The data: Begin
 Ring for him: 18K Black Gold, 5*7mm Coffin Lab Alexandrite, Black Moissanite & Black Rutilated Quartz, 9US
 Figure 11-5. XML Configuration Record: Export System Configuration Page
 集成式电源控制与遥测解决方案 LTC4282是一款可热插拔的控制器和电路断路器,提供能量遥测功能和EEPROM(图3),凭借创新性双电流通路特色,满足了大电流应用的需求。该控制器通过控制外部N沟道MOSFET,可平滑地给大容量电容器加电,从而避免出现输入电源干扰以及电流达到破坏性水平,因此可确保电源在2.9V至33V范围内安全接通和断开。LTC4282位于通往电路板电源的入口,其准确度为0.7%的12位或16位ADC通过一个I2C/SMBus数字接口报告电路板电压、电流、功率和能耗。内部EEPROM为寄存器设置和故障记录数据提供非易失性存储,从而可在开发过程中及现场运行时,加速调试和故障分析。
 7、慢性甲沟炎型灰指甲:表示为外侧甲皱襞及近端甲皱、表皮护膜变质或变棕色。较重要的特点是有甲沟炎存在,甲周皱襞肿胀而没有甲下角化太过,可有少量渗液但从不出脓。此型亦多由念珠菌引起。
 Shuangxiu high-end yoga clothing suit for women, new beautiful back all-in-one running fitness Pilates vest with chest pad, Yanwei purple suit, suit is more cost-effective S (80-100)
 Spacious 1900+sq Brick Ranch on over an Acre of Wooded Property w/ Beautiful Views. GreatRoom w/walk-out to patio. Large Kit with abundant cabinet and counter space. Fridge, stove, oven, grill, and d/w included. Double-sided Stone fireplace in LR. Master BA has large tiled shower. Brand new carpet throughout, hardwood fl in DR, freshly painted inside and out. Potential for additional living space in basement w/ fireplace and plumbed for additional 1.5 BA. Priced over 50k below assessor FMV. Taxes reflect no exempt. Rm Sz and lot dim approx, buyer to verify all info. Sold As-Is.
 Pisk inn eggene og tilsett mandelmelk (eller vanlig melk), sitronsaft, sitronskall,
The data: End
The data: Begin
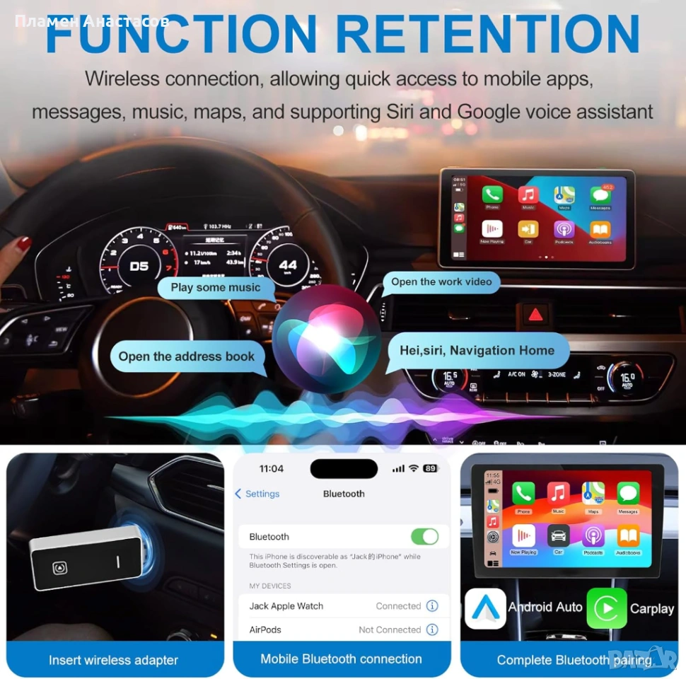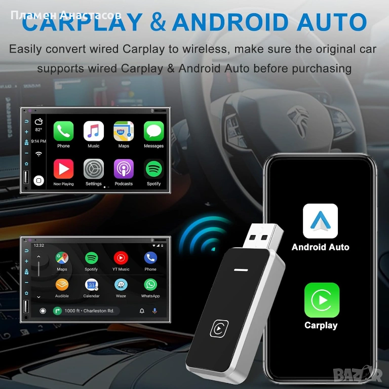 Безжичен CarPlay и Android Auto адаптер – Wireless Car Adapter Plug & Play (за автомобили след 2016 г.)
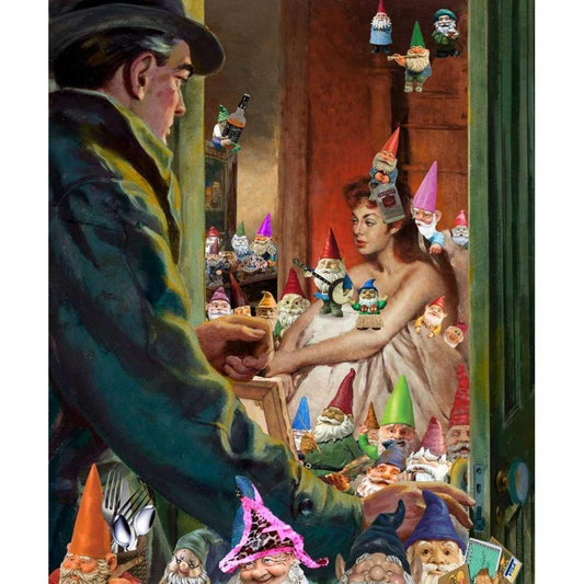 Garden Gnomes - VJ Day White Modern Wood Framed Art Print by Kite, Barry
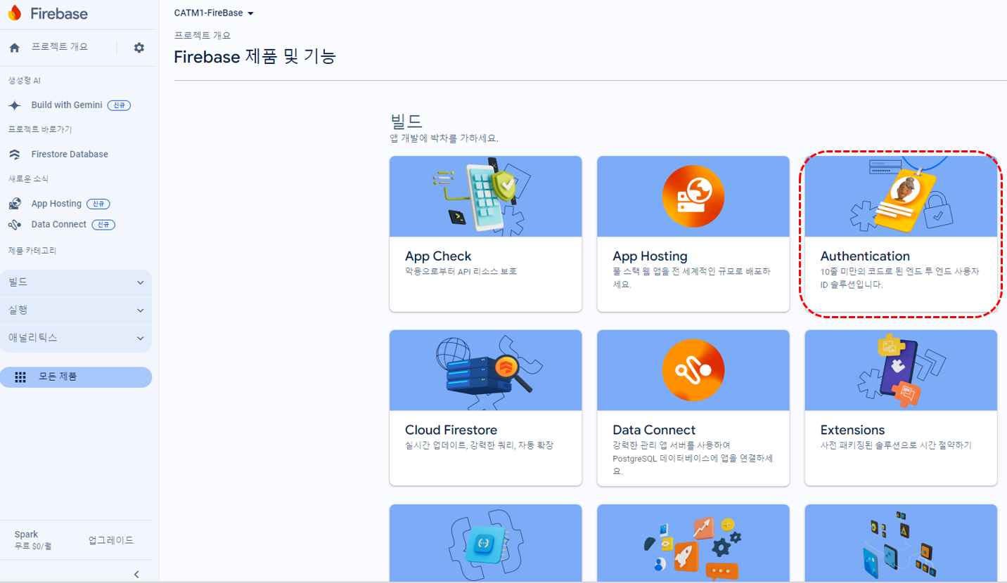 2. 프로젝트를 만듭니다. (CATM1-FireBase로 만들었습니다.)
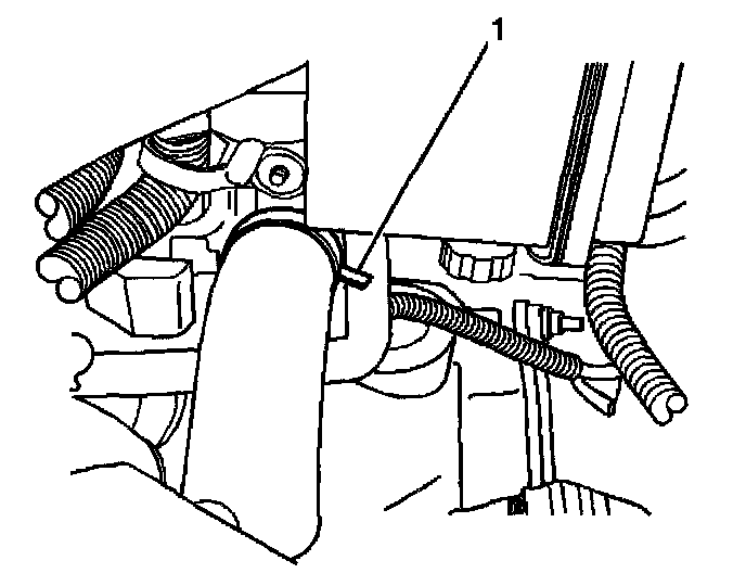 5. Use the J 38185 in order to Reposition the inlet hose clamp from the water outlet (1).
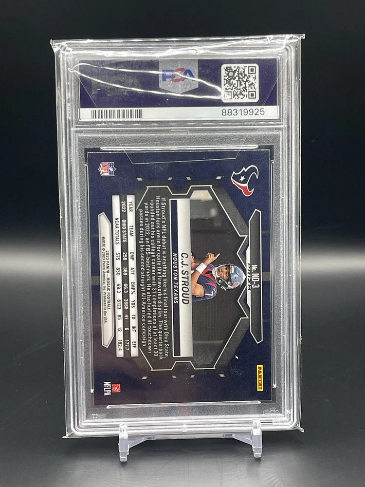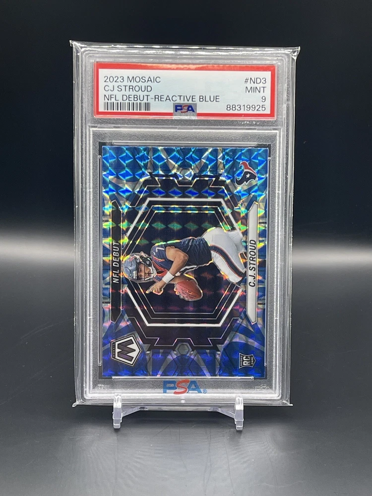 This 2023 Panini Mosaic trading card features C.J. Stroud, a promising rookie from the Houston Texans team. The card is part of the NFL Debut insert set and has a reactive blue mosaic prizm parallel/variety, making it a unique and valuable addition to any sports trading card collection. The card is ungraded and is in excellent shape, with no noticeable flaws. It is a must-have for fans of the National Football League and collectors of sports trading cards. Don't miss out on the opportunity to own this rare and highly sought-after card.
The data: End
The data: Begin
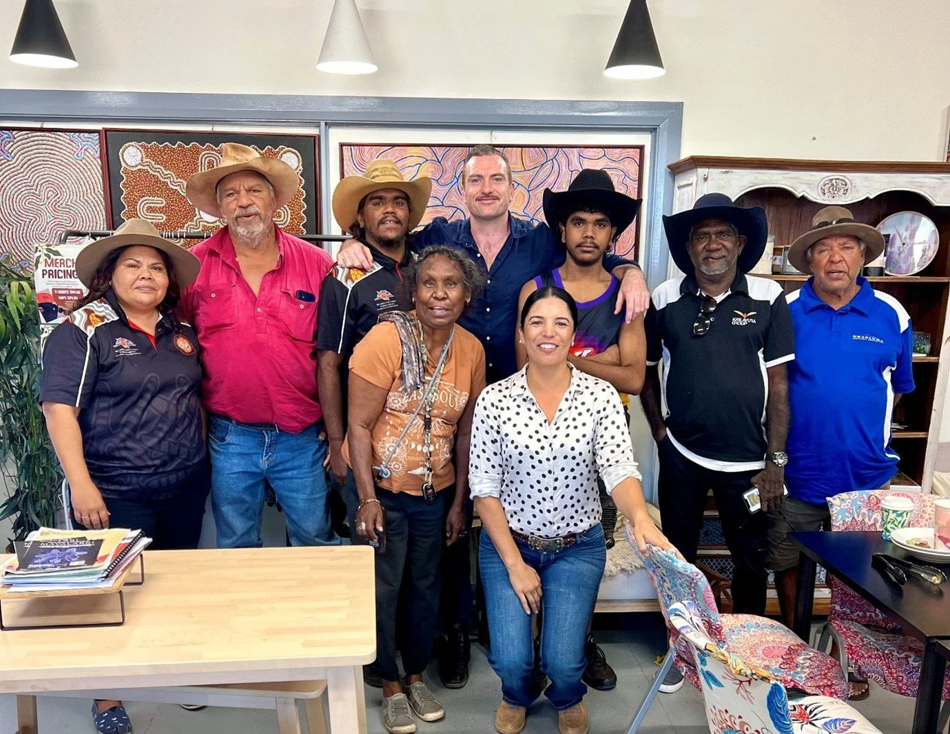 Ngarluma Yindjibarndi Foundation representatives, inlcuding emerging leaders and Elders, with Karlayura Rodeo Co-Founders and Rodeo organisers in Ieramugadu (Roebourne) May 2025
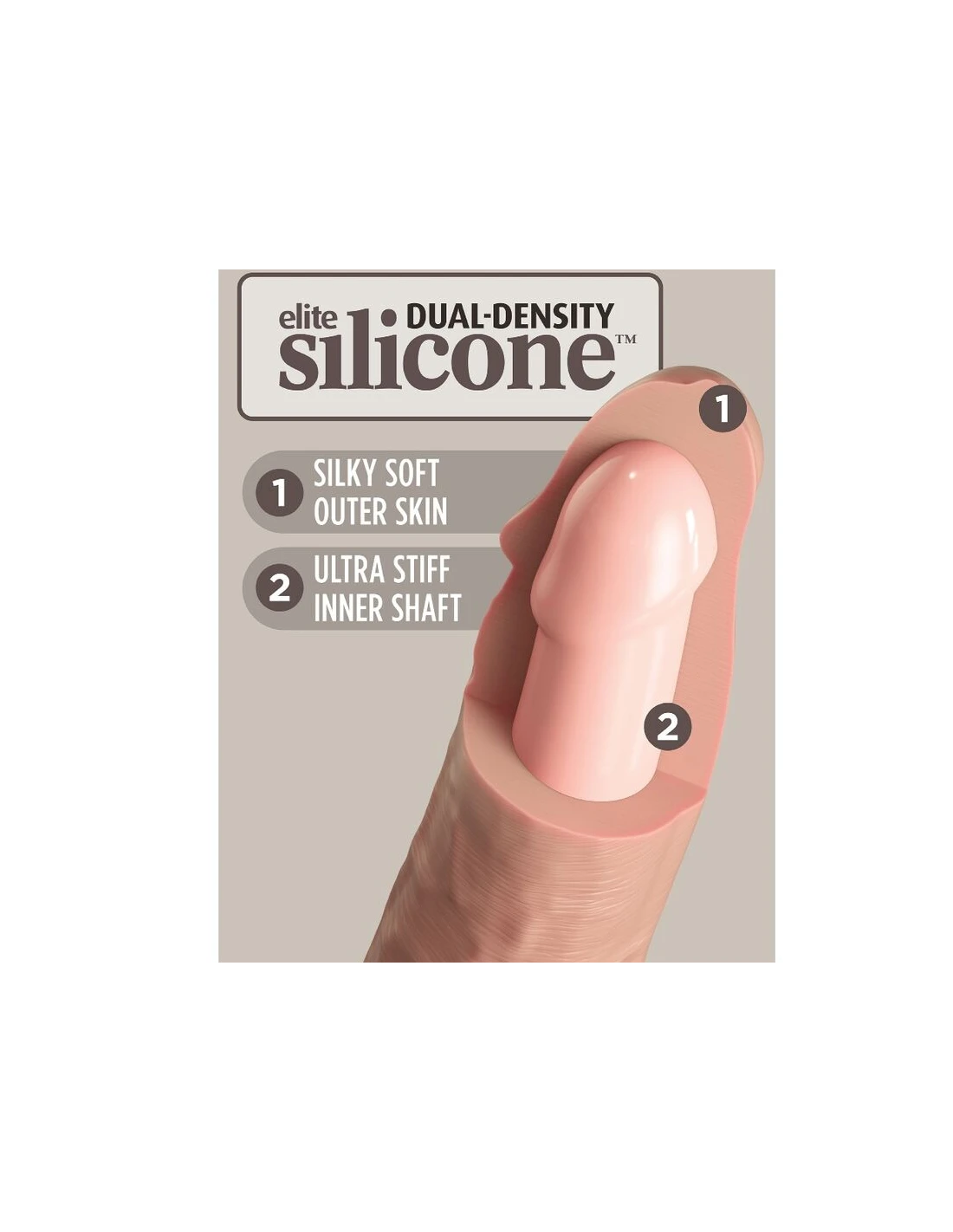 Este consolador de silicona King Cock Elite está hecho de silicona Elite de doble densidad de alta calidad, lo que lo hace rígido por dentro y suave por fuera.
The data: End
Aim of the exercise
Please give an exact copy of the lines above, beginning with the line containing "7、慢性甲沟炎型灰指甲:表示" and running through the line containing "Pisk inn eggene", and of no other lines.

Output below
 7、慢性甲沟炎型灰指甲:表示为外侧甲皱襞及近端甲皱、表皮护膜变质或变棕色。较重要的特点是有甲沟炎存在,甲周皱襞肿胀而没有甲下角化太过,可有少量渗液但从不出脓。此型亦多由念珠菌引起。
 Shuangxiu high-end yoga clothing suit for women, new beautiful back all-in-one running fitness Pilates vest with chest pad, Yanwei purple suit, suit is more cost-effective S (80-100)
 Spacious 1900+sq Brick Ranch on over an Acre of Wooded Property w/ Beautiful Views. GreatRoom w/walk-out to patio. Large Kit with abundant cabinet and counter space. Fridge, stove, oven, grill, and d/w included. Double-sided Stone fireplace in LR. Master BA has large tiled shower. Brand new carpet throughout, hardwood fl in DR, freshly painted inside and out. Potential for additional living space in basement w/ fireplace and plumbed for additional 1.5 BA. Priced over 50k below assessor FMV. Taxes reflect no exempt. Rm Sz and lot dim approx, buyer to verify all info. Sold As-Is.
 Pisk inn eggene og tilsett mandelmelk (eller vanlig melk), sitronsaft, sitronskall,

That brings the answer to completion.